Located off the coast of a near-future Germany, Seestatt was founded in response to a looming societal collapse. But the sanctuary turns out to be a cult that exploits workers and is centered around a guru. And it falls to Yada, the cult leader’s daughter, to lead the rebellion against the paternal oikos.
Enzensberger’s failed utopia consists of a series of floating, honeycomb-shaped modules, is a mixture of “water world” and platonic bee state in which algae bloom and rust gnaws at the dwellings. The water-based subsistence economy does not work, the actually green promise fails due to the pitfalls of the neoliberal subject constitution. And that neoliberalism is what this conceptually strong novel, which operates on three narrative levels, is about.
Yada, whose speaking name means “the one who knows” in Thai, appears as a first-person narrator and has to solve the mystery of her deceased mother. On the second level, a personal narrator tells of Helena, the missing mother of the sect. This level is in the past from the perspective of the novel present. Helena is an artist. Basically, their sect is an artistic experiment, but the promises take on a life of their own. Helena is a child of her time, namely our present, in which everything is ambiguous and ironic.
Self-optimization and heaven
The nice point is that Helena suggests self-optimization to her sect members as a way to the earthly kingdom of heaven, that instead of promising lands of plenty, the hamster wheel-like circles around one’s own ego takes the place. Perhaps one can think of Helena as a sister of Christoph Schlingensief. Just imagine that hundreds of thousands of bathers had actually thrown themselves into Lake Wolfgang at Schlingensief’s behest to flood Helmut Kohl’s holiday home.
On the third narrative level, an archive speaks to the reader. It is Helena’s archive, which brings together a multitude of utopian projects, all of which turned out to be swindles and frauds. The archive also reports on the great founding congress of the neoliberal movement in 1947.

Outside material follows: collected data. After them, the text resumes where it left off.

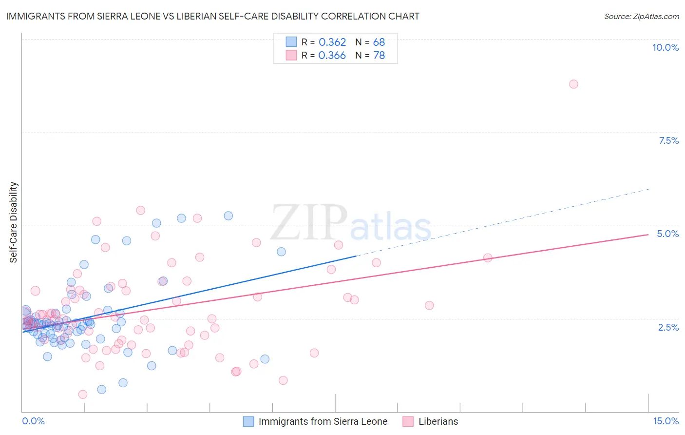 The statistical analysis conducted on geographies consisting of 101,626,227 people shows a mild positive correlation between the proportion of Immigrants from Sierra Leone and percentage of population with self-care disability in the United States with a correlation coefficient (R) of 0.362 and weighted average of 2.4%. Similarly, the statistical analysis conducted on geographies consisting of 117,995,885 people shows a mild positive correlation between the proportion of Liberians and percentage of population with self-care disability in the United States with a correlation coefficient (R) of 0.366 and weighted average of 2.6%, a difference of 7.7%.
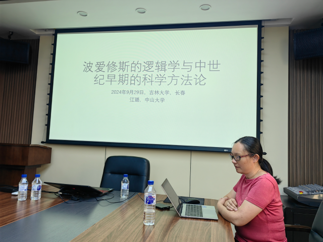 2024年9月29日9时,中国·tyc1286太阳成集团(股份)有限公司“国际合作平台学术讲座”第45讲——“波爱修斯的逻辑学与中世纪早期的科学方法论”在东荣大厦908会议室举办。本期讲座由中山大学哲学系江璐副教授主讲,盛传捷副教授主持。中国·tyc1286太阳成集团(股份)有限公司晋运锋教授、郝鸿军副教授、康孝军副教授出席。
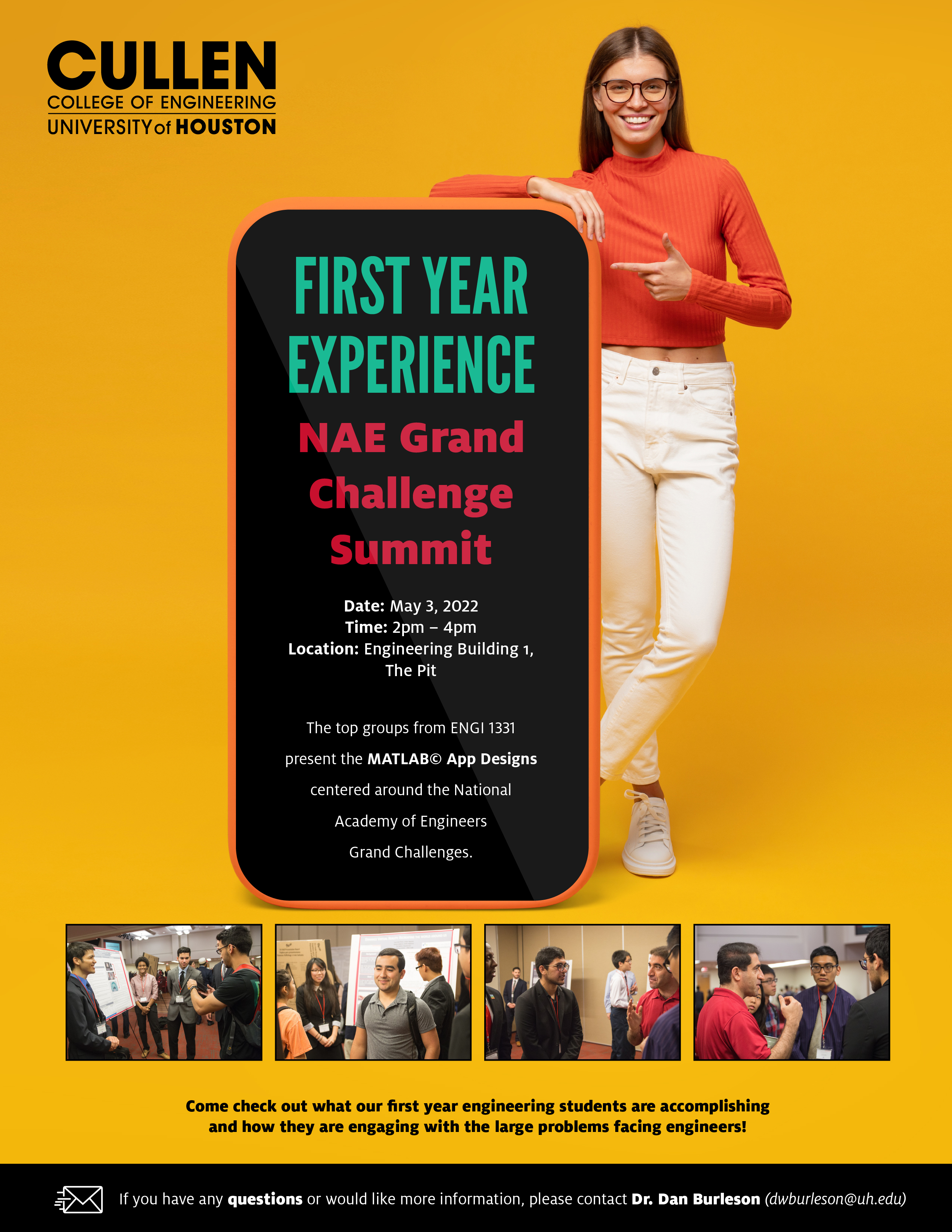 The event will highlight the top semester projects from ENGI 1331 where students developed a MATLAB App centered around the National Academy of Engineers Grand Challenges. Come check out what students have accomplished and the newly established UH Grand Challenge Scholars Program!
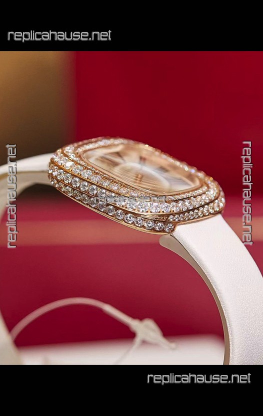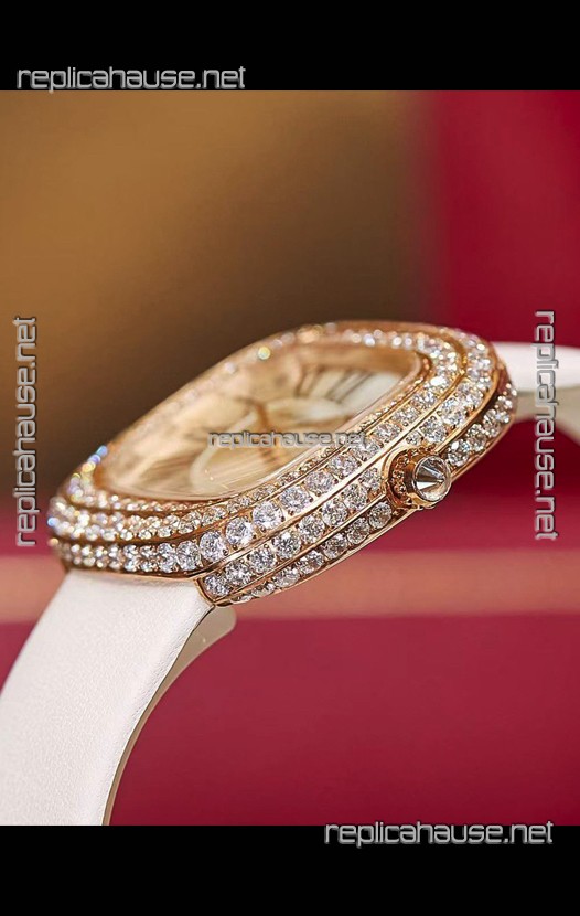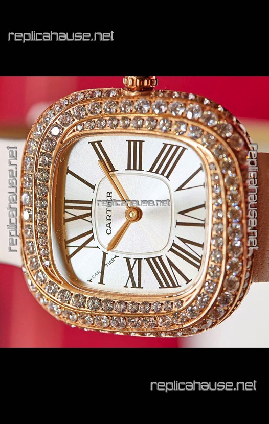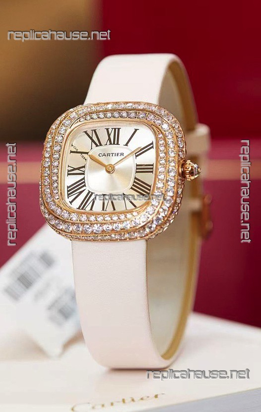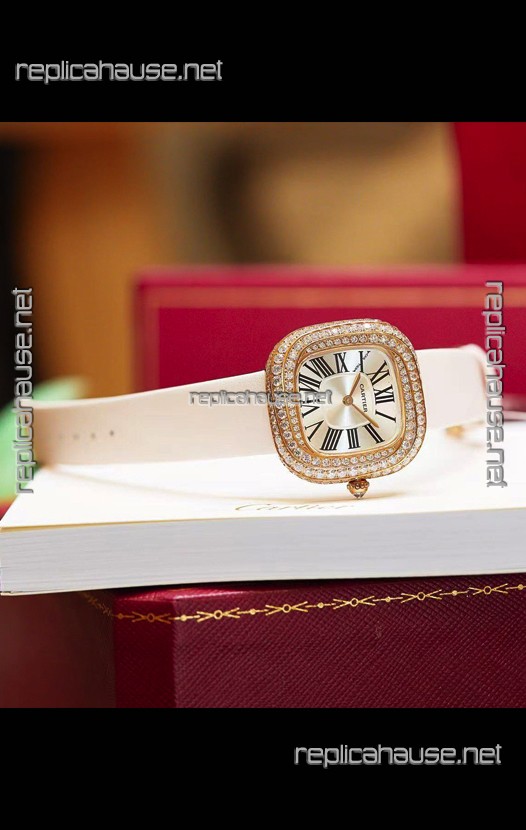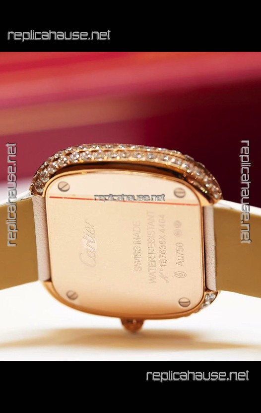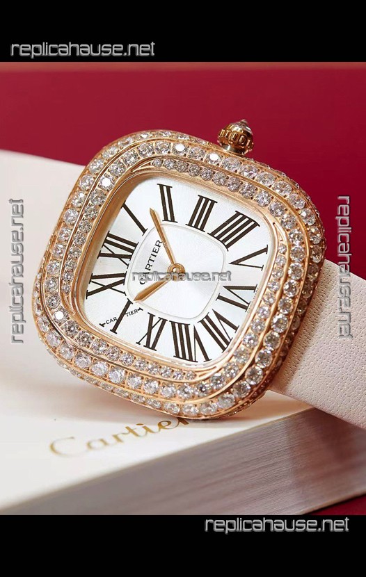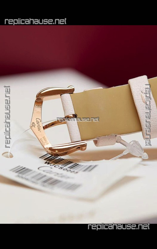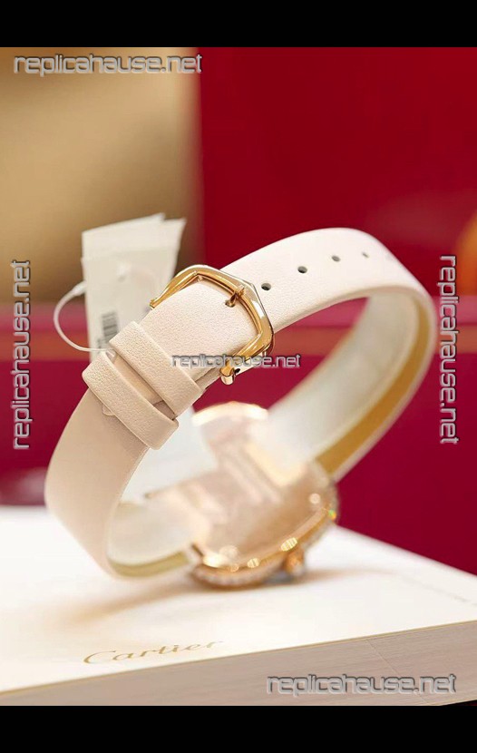 Coussin De Cartier Rose Gold Swiss Replica Watch White Strap

You don’t need much imagination to read Seestatt as a parable of the neoliberal ideology whose co-founders and idea generators Friedrich August von Hayek and Ayn Rand are worshiped by their followers like gurus today. And their central promise, according to which freedom from the state enables freedom of the subject, is unfortunately not realized in global capitalism. The Seestatt Vineta, a platform capitalism in the literal sense, can only be maintained through the exploitation of the human environment.
Literary dystopia
The Seestatt or the luxury yachts of the rich that head for tax havens are symbols of the process that Bruno Latour describes in his terrestrial manifesto: that the global elites decided years ago to decouple themselves from the rest of the world. Neither the criticism of neoliberalism nor the comforting horror of literary dystopias is new. Most recently, Sibylle Berg prominently played through the fear-lust scenario with two brick-heavy novels: A total surveillance platform capitalism turns the world population into ideology-saturated zombies.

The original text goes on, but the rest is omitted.